**Exercise inputs**
▼

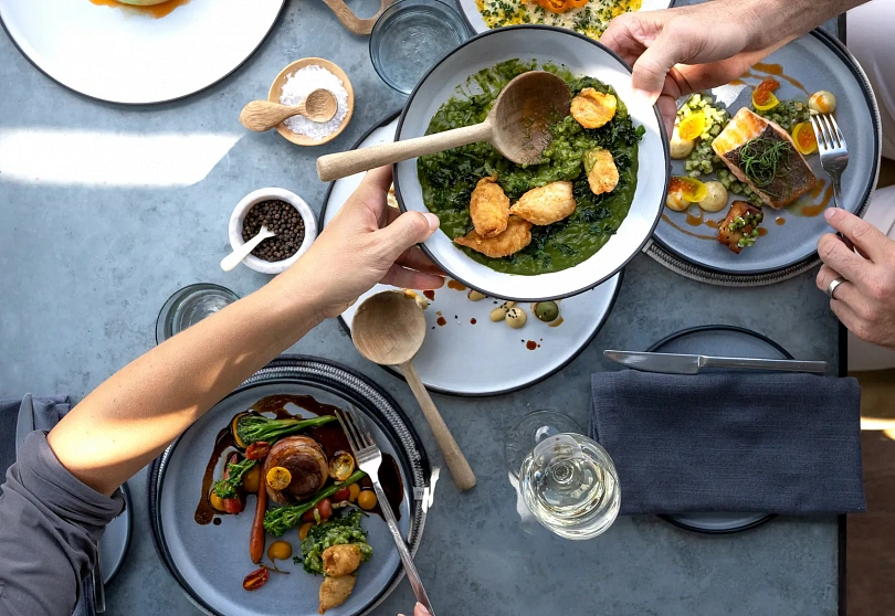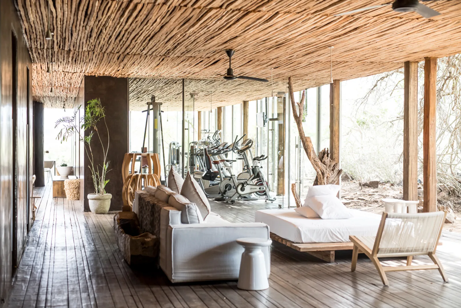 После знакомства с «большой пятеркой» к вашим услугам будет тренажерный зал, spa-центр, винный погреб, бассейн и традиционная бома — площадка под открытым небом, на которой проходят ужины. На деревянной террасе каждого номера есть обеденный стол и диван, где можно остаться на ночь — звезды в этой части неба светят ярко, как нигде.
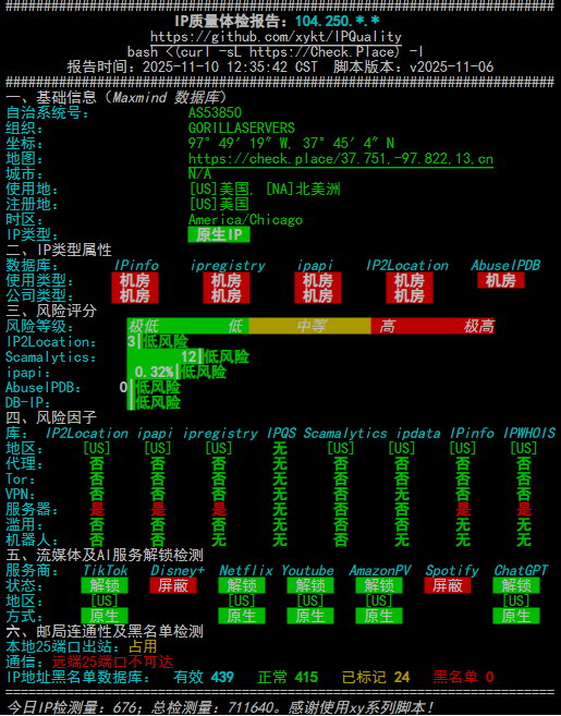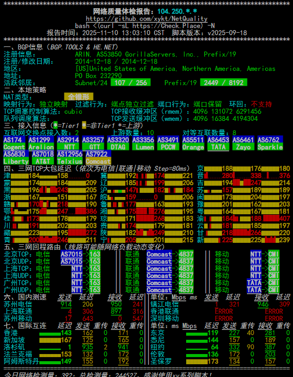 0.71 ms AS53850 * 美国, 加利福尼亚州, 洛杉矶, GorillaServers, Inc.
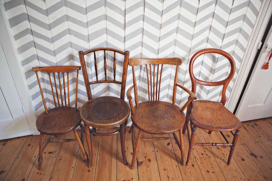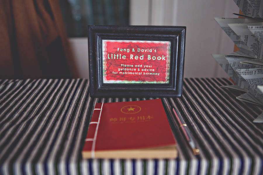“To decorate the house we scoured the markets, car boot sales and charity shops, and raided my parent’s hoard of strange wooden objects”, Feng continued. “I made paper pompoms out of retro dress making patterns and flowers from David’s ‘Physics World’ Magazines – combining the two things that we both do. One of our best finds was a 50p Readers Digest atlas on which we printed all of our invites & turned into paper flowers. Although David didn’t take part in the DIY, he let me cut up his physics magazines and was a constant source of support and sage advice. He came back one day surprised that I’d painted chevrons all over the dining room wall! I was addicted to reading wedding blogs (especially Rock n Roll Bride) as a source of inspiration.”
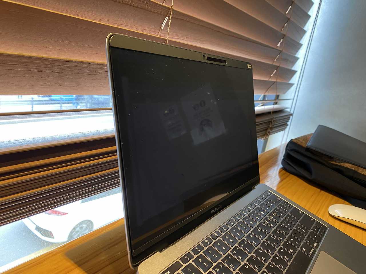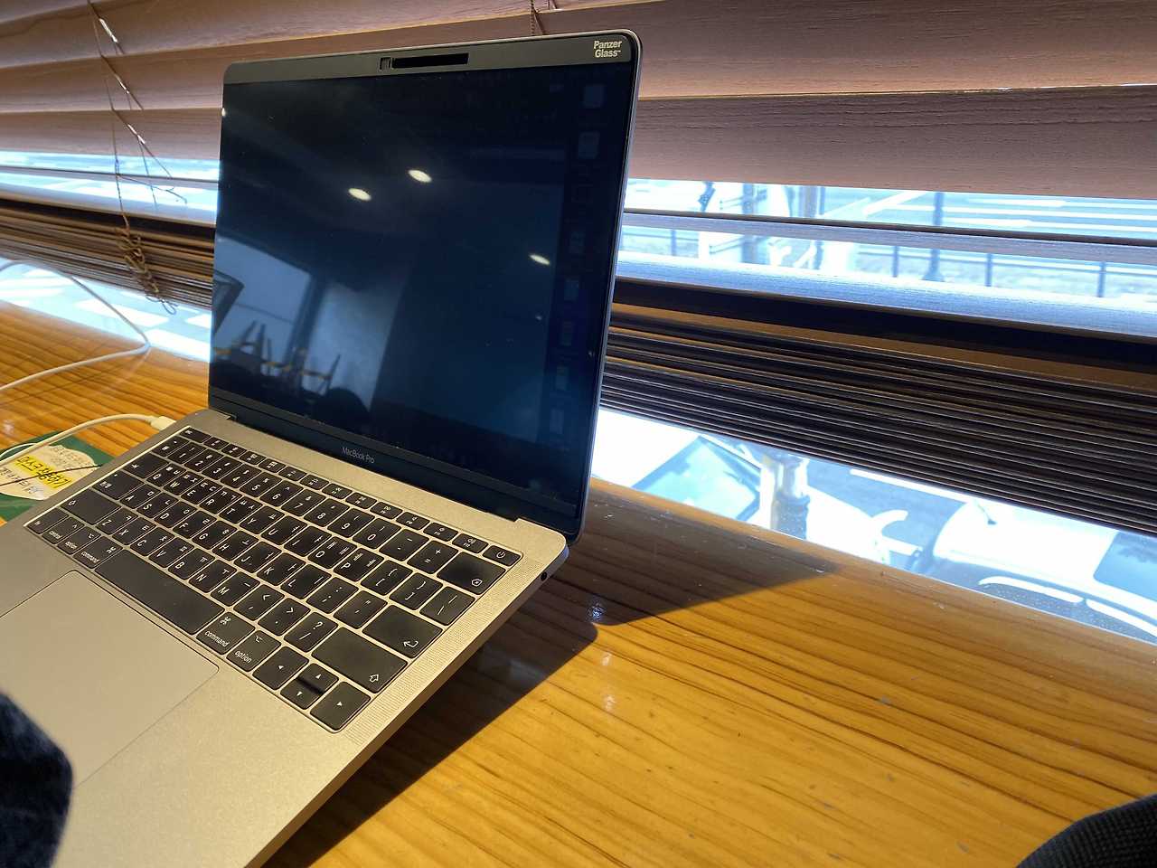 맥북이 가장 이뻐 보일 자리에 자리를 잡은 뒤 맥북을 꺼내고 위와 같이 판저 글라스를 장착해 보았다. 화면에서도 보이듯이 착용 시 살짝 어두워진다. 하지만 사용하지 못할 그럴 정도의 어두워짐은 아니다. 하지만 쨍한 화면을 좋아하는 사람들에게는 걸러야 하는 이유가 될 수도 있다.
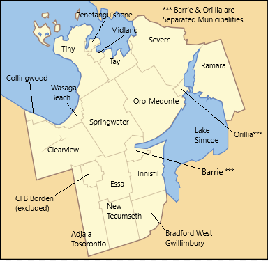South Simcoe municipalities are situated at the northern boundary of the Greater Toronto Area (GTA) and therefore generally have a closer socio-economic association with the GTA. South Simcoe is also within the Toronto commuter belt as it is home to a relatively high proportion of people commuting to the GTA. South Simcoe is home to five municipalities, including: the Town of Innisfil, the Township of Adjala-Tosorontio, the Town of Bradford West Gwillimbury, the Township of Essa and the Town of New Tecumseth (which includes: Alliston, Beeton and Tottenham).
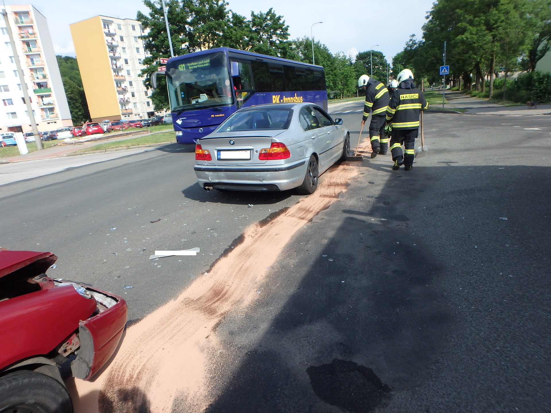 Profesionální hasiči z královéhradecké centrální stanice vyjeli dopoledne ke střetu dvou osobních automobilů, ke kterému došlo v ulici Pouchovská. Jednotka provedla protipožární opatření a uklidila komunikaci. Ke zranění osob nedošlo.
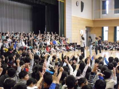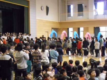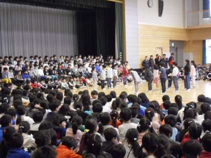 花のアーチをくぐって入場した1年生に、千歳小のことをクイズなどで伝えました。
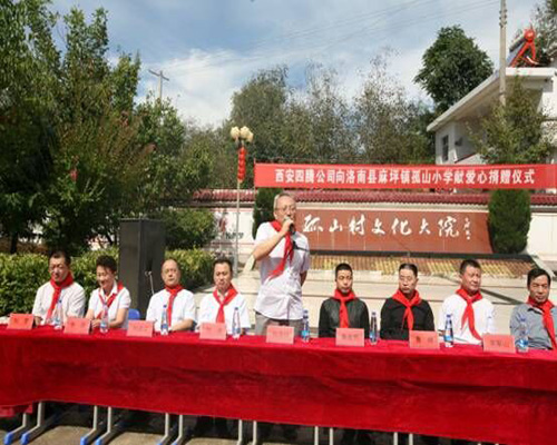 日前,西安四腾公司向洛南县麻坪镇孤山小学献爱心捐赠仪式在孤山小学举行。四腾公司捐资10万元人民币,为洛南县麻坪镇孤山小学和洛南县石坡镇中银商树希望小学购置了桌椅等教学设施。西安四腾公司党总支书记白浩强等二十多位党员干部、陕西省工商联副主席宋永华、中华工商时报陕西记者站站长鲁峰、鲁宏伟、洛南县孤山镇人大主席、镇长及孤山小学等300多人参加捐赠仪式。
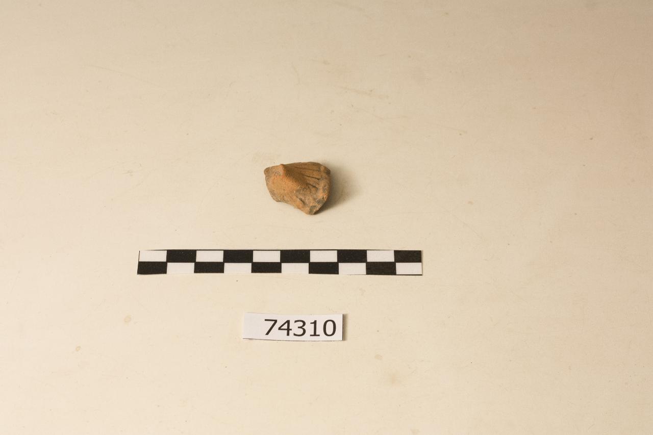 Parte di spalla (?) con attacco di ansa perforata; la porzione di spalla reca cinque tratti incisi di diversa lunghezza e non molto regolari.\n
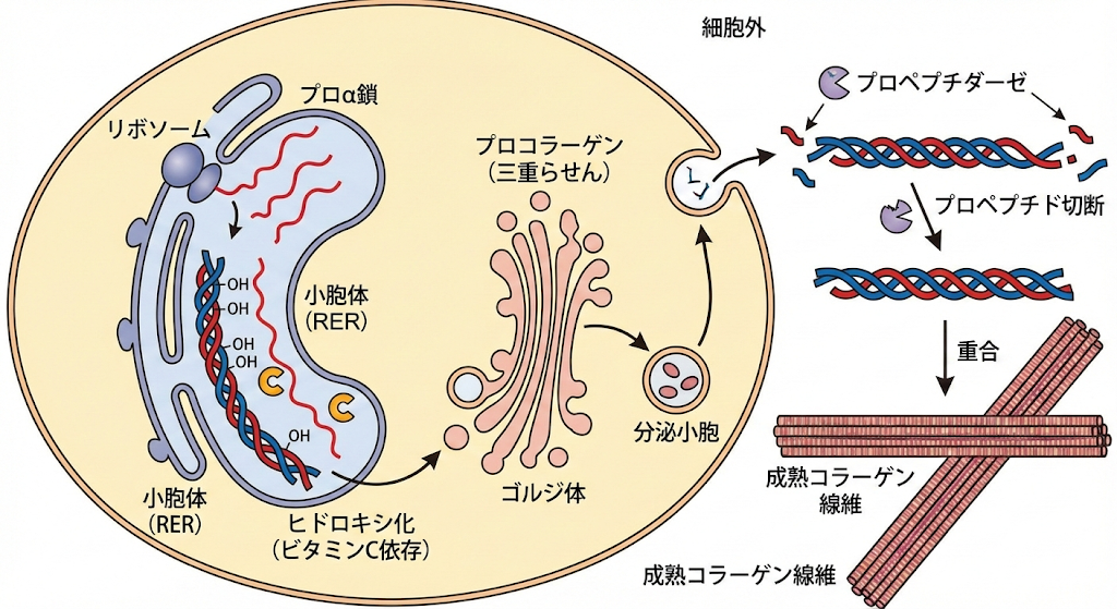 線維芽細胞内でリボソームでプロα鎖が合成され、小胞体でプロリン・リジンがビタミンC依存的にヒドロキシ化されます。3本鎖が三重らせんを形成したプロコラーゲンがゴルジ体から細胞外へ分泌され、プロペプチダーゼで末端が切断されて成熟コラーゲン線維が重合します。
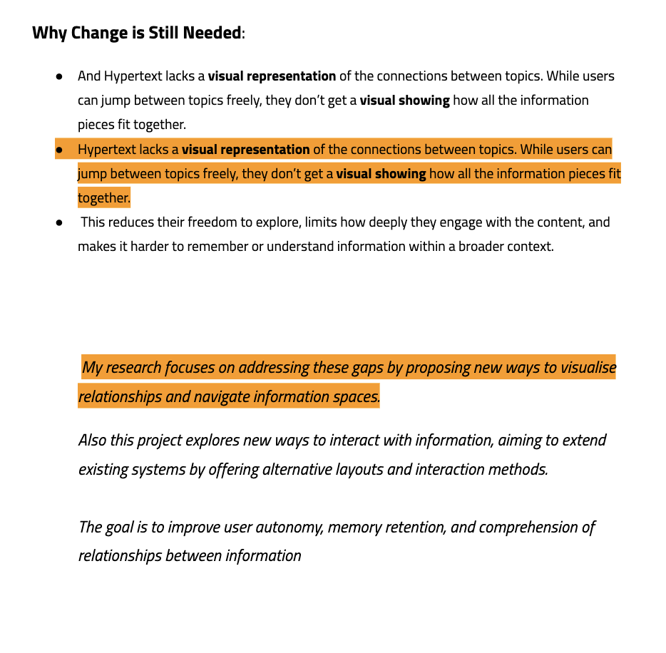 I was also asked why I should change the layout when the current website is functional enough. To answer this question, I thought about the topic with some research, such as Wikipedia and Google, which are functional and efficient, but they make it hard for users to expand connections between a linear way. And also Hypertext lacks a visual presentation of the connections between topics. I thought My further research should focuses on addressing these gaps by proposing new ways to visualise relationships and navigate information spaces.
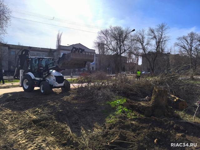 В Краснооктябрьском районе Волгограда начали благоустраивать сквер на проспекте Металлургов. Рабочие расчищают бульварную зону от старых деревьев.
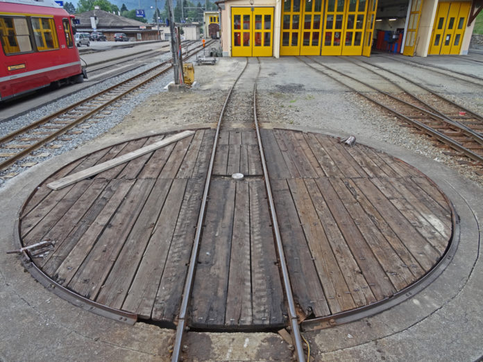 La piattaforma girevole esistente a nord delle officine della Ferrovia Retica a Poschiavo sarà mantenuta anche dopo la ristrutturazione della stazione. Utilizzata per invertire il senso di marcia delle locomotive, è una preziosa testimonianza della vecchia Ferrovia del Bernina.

▲

**Goal of the exercise**
Give back, exactly as written, the lines from the top of the material above to the line containing "맥북이 가장 이뻐 보일", both included; skip every picture.

**Reply to the task**
 После знакомства с «большой пятеркой» к вашим услугам будет тренажерный зал, spa-центр, винный погреб, бассейн и традиционная бома — площадка под открытым небом, на которой проходят ужины. На деревянной террасе каждого номера есть обеденный стол и диван, где можно остаться на ночь — звезды в этой части неба светят ярко, как нигде.
 0.71 ms AS53850 * 美国, 加利福尼亚州, 洛杉矶, GorillaServers, Inc.
“To decorate the house we scoured the markets, car boot sales and charity shops, and raided my parent’s hoard of strange wooden objects”, Feng continued. “I made paper pompoms out of retro dress making patterns and flowers from David’s ‘Physics World’ Magazines – combining the two things that we both do. One of our best finds was a 50p Readers Digest atlas on which we printed all of our invites & turned into paper flowers. Although David didn’t take part in the DIY, he let me cut up his physics magazines and was a constant source of support and sage advice. He came back one day surprised that I’d painted chevrons all over the dining room wall! I was addicted to reading wedding blogs (especially Rock n Roll Bride) as a source of inspiration.”
 맥북이 가장 이뻐 보일 자리에 자리를 잡은 뒤 맥북을 꺼내고 위와 같이 판저 글라스를 장착해 보았다. 화면에서도 보이듯이 착용 시 살짝 어두워진다. 하지만 사용하지 못할 그럴 정도의 어두워짐은 아니다. 하지만 쨍한 화면을 좋아하는 사람들에게는 걸러야 하는 이유가 될 수도 있다.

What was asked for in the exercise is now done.